-- PROBLEM TO WORK ON --
Please, could you print all the lines below exactly, leaving out the pictures?

Stored entries

========================================================================

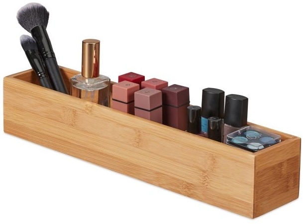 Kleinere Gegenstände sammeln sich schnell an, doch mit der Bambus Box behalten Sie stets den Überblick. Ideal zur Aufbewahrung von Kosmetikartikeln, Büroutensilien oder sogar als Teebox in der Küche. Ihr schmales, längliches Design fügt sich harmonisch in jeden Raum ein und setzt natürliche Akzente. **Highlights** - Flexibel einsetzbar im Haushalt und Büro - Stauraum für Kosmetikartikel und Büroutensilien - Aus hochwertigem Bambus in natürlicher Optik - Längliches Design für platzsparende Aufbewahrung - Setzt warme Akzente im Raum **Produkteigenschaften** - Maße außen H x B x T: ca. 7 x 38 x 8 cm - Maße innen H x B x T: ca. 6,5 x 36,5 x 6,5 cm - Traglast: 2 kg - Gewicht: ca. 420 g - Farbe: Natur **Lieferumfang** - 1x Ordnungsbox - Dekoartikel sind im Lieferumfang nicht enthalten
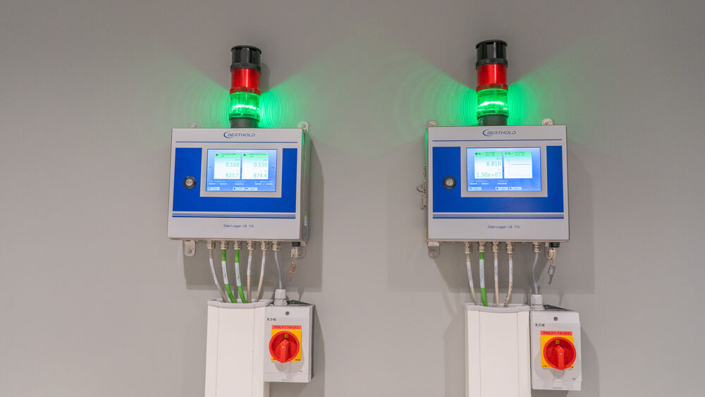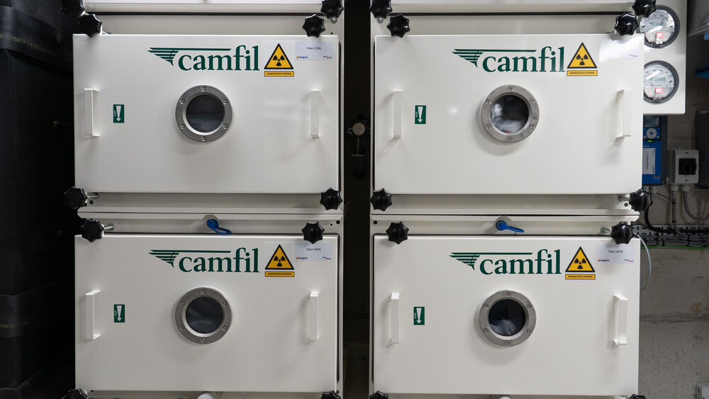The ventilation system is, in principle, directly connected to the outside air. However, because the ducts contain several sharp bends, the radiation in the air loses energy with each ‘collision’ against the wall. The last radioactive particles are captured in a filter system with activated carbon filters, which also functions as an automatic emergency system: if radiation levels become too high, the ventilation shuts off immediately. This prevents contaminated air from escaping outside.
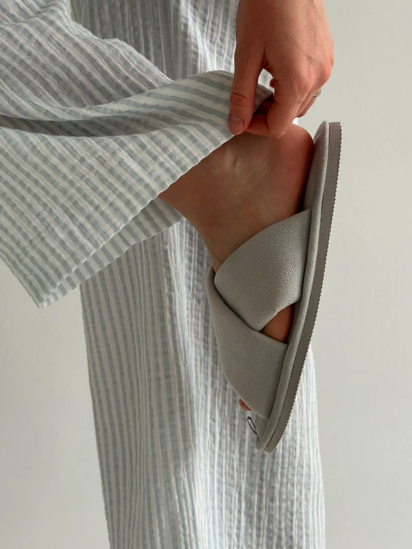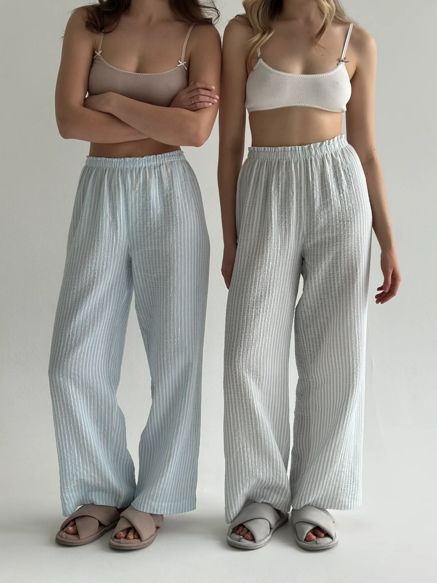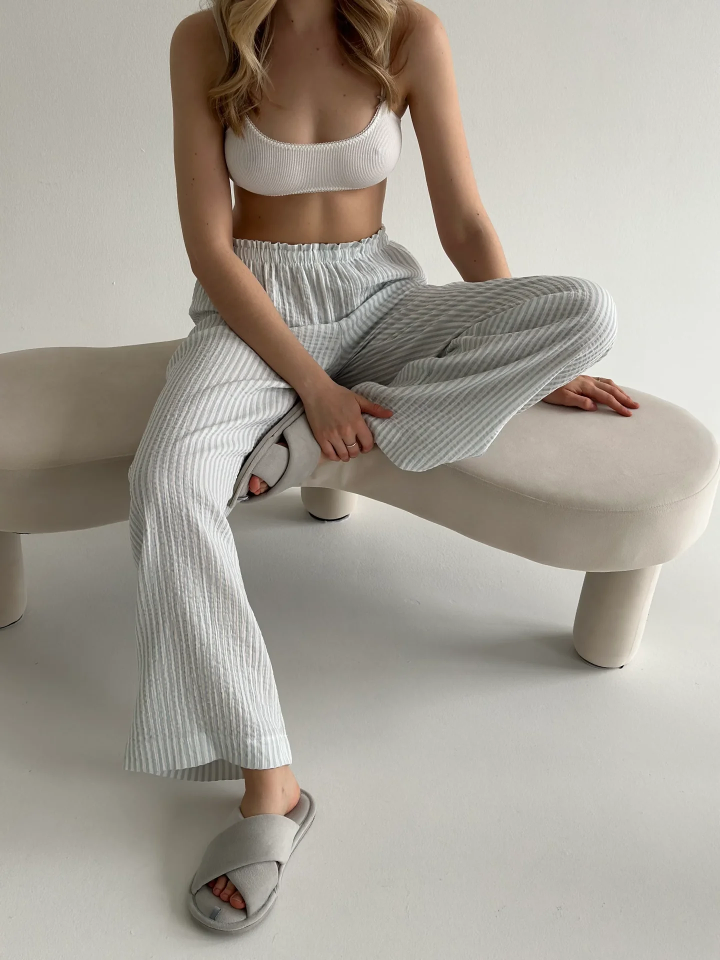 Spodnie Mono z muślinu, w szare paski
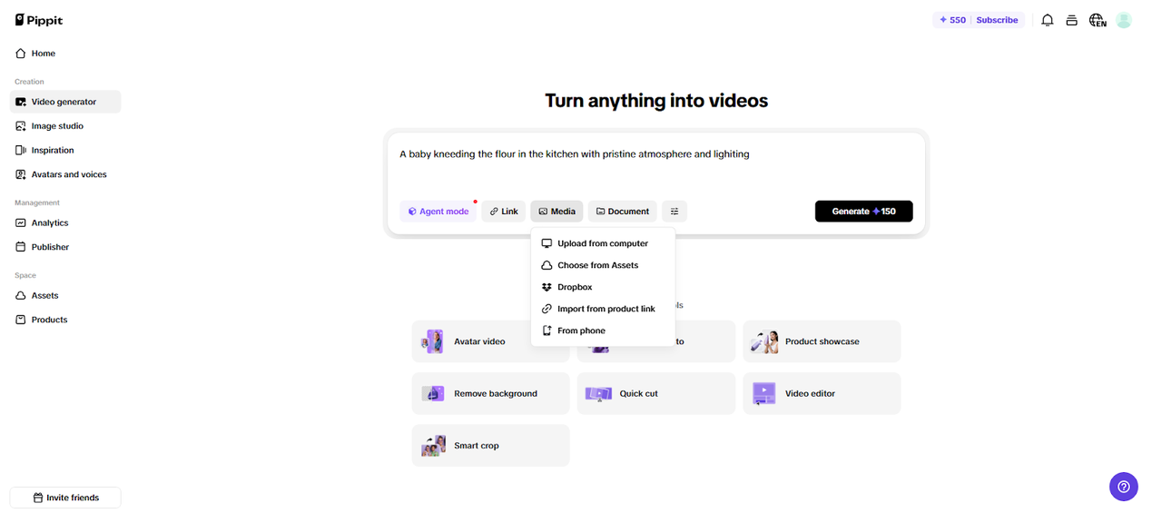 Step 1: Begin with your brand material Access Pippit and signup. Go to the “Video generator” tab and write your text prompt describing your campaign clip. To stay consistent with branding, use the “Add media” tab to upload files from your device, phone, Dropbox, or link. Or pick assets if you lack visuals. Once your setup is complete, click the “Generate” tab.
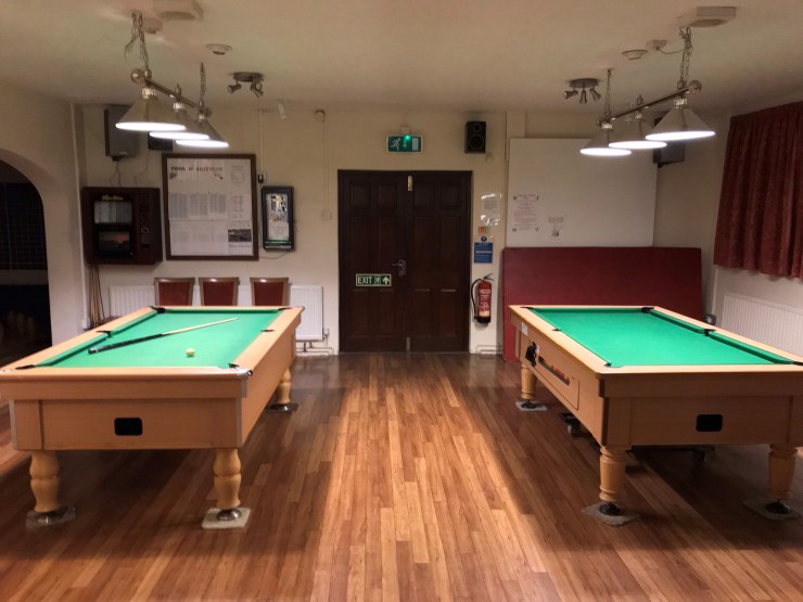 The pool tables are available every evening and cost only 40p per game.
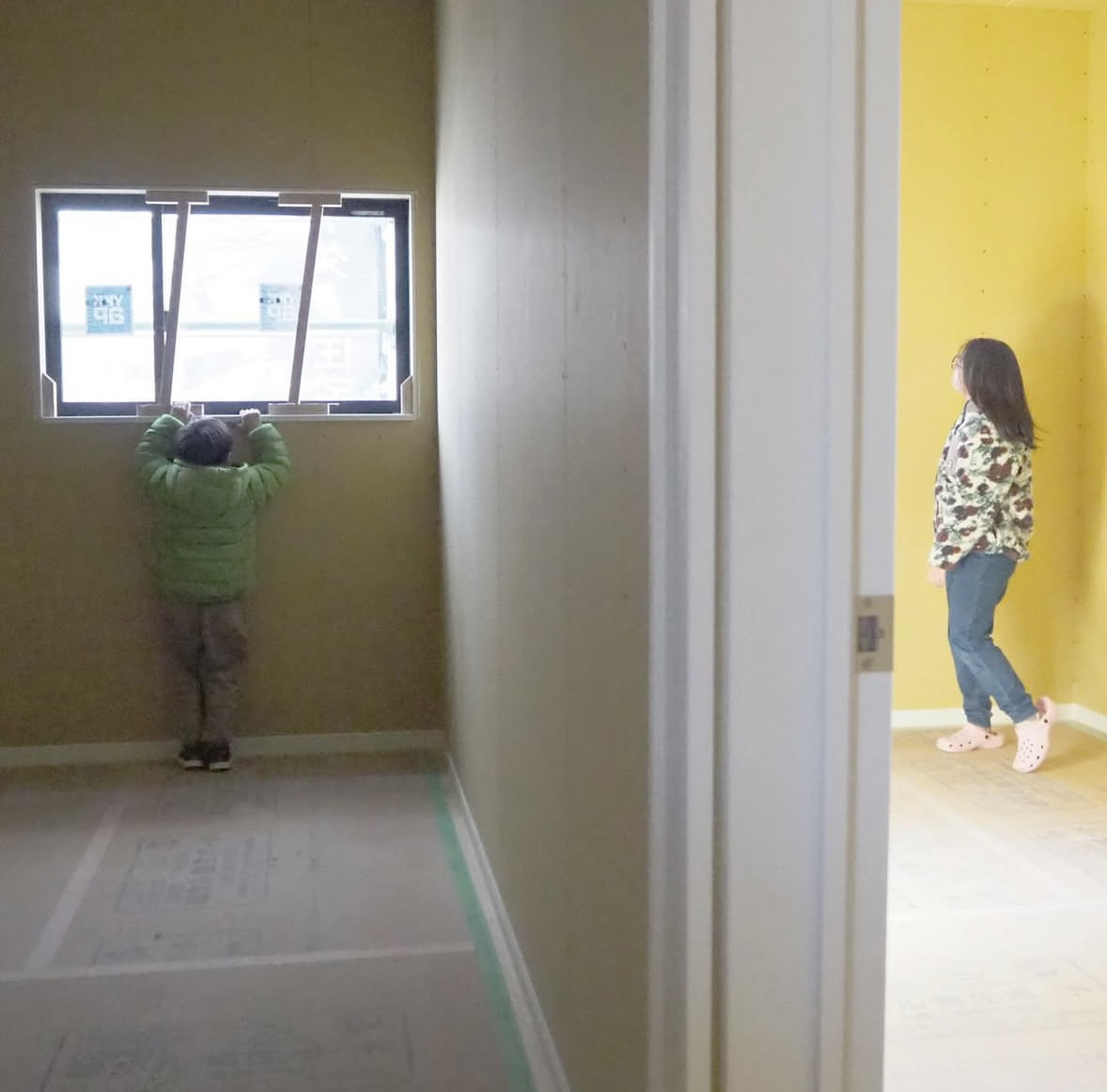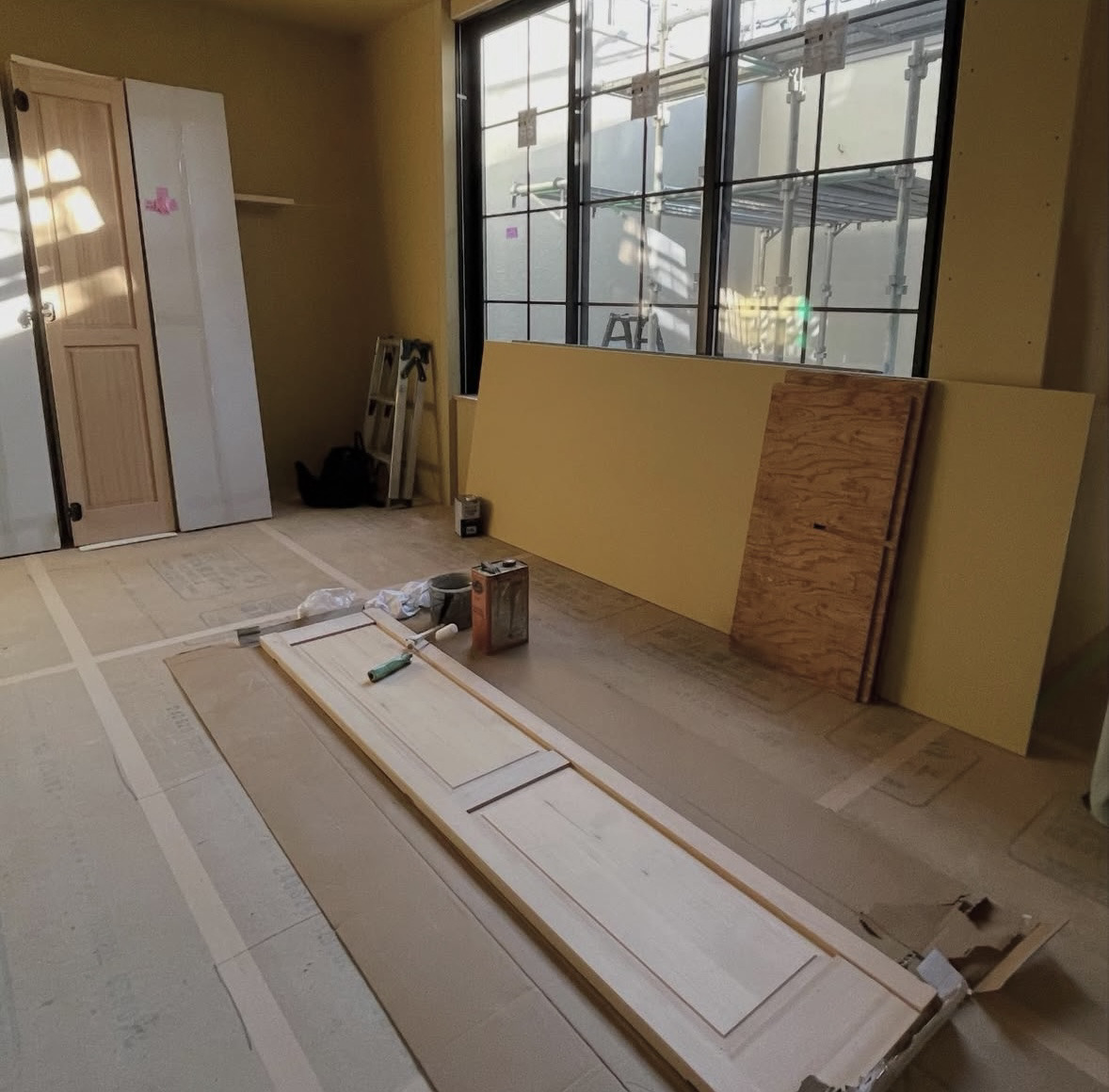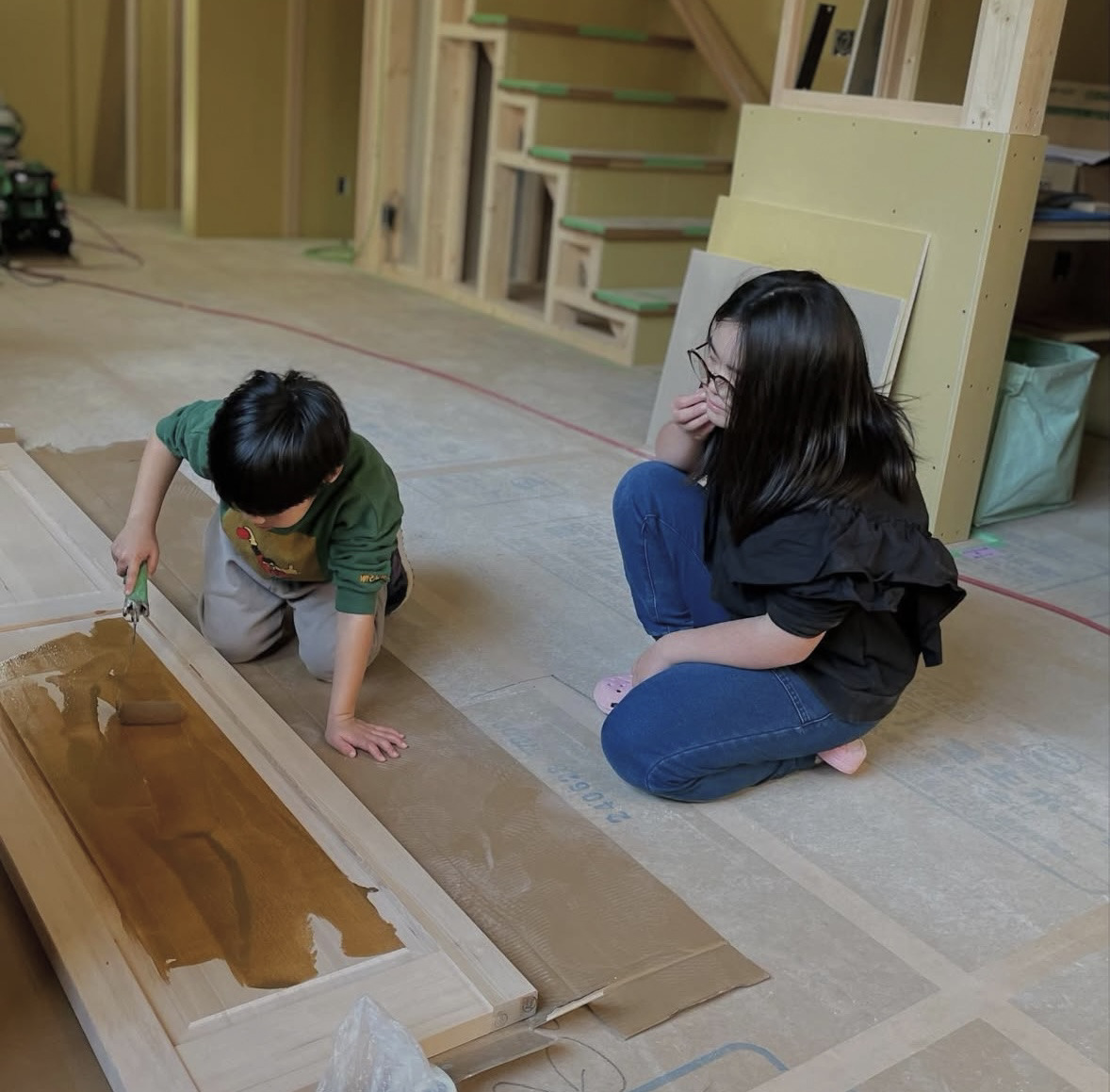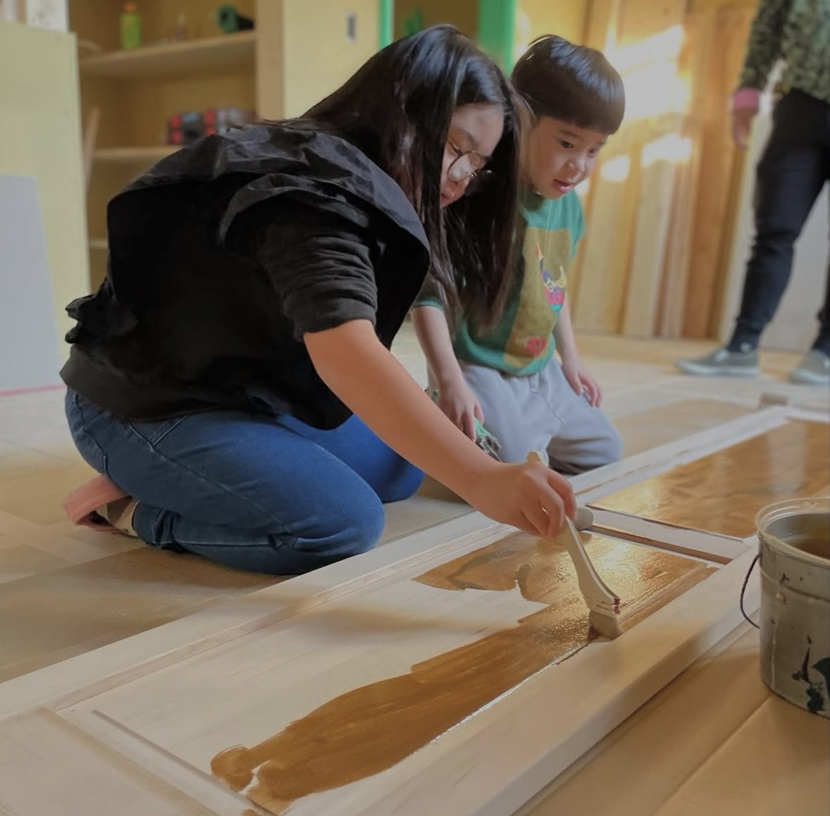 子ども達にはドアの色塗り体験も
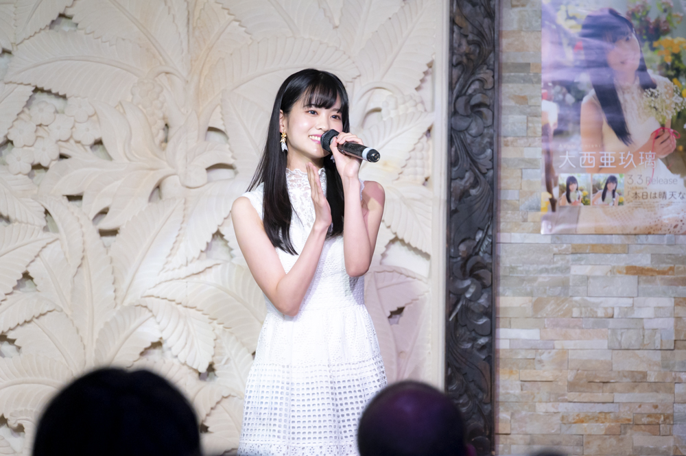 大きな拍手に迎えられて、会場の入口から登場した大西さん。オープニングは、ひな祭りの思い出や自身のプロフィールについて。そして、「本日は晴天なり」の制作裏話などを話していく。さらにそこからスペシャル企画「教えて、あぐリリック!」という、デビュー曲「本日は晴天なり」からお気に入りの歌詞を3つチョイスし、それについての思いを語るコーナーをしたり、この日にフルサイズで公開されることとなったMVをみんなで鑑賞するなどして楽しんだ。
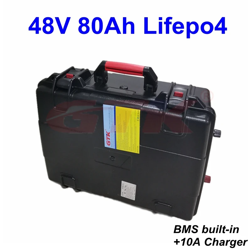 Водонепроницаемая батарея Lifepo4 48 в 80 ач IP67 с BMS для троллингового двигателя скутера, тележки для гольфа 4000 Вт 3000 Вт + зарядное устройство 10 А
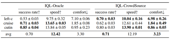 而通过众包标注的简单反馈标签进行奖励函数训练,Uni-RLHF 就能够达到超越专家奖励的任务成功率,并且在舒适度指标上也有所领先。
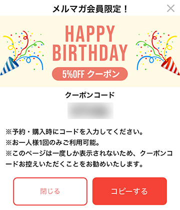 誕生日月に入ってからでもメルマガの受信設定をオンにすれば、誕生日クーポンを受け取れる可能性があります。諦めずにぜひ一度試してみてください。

========================================================================

-- RESPONSE --
 Kleinere Gegenstände sammeln sich schnell an, doch mit der Bambus Box behalten Sie stets den Überblick. Ideal zur Aufbewahrung von Kosmetikartikeln, Büroutensilien oder sogar als Teebox in der Küche. Ihr schmales, längliches Design fügt sich harmonisch in jeden Raum ein und setzt natürliche Akzente. **Highlights** - Flexibel einsetzbar im Haushalt und Büro - Stauraum für Kosmetikartikel und Büroutensilien - Aus hochwertigem Bambus in natürlicher Optik - Längliches Design für platzsparende Aufbewahrung - Setzt warme Akzente im Raum **Produkteigenschaften** - Maße außen H x B x T: ca. 7 x 38 x 8 cm - Maße innen H x B x T: ca. 6,5 x 36,5 x 6,5 cm - Traglast: 2 kg - Gewicht: ca. 420 g - Farbe: Natur **Lieferumfang** - 1x Ordnungsbox - Dekoartikel sind im Lieferumfang nicht enthalten
The ventilation system is, in principle, directly connected to the outside air. However, because the ducts contain several sharp bends, the radiation in the air loses energy with each ‘collision’ against the wall. The last radioactive particles are captured in a filter system with activated carbon filters, which also functions as an automatic emergency system: if radiation levels become too high, the ventilation shuts off immediately. This prevents contaminated air from escaping outside.
 Spodnie Mono z muślinu, w szare paski
 Step 1: Begin with your brand material Access Pippit and signup. Go to the “Video generator” tab and write your text prompt describing your campaign clip. To stay consistent with branding, use the “Add media” tab to upload files from your device, phone, Dropbox, or link. Or pick assets if you lack visuals. Once your setup is complete, click the “Generate” tab.
 The pool tables are available every evening and cost only 40p per game.
 子ども達にはドアの色塗り体験も
 大きな拍手に迎えられて、会場の入口から登場した大西さん。オープニングは、ひな祭りの思い出や自身のプロフィールについて。そして、「本日は晴天なり」の制作裏話などを話していく。さらにそこからスペシャル企画「教えて、あぐリリック!」という、デビュー曲「本日は晴天なり」からお気に入りの歌詞を3つチョイスし、それについての思いを語るコーナーをしたり、この日にフルサイズで公開されることとなったMVをみんなで鑑賞するなどして楽しんだ。
 Водонепроницаемая батарея Lifepo4 48 в 80 ач IP67 с BMS для троллингового двигателя скутера, тележки для гольфа 4000 Вт 3000 Вт + зарядное устройство 10 А
 而通过众包标注的简单反馈标签进行奖励函数训练,Uni-RLHF 就能够达到超越专家奖励的任务成功率,并且在舒适度指标上也有所领先。
 誕生日月に入ってからでもメルマガの受信設定をオンにすれば、誕生日クーポンを受け取れる可能性があります。諦めずにぜひ一度試してみてください。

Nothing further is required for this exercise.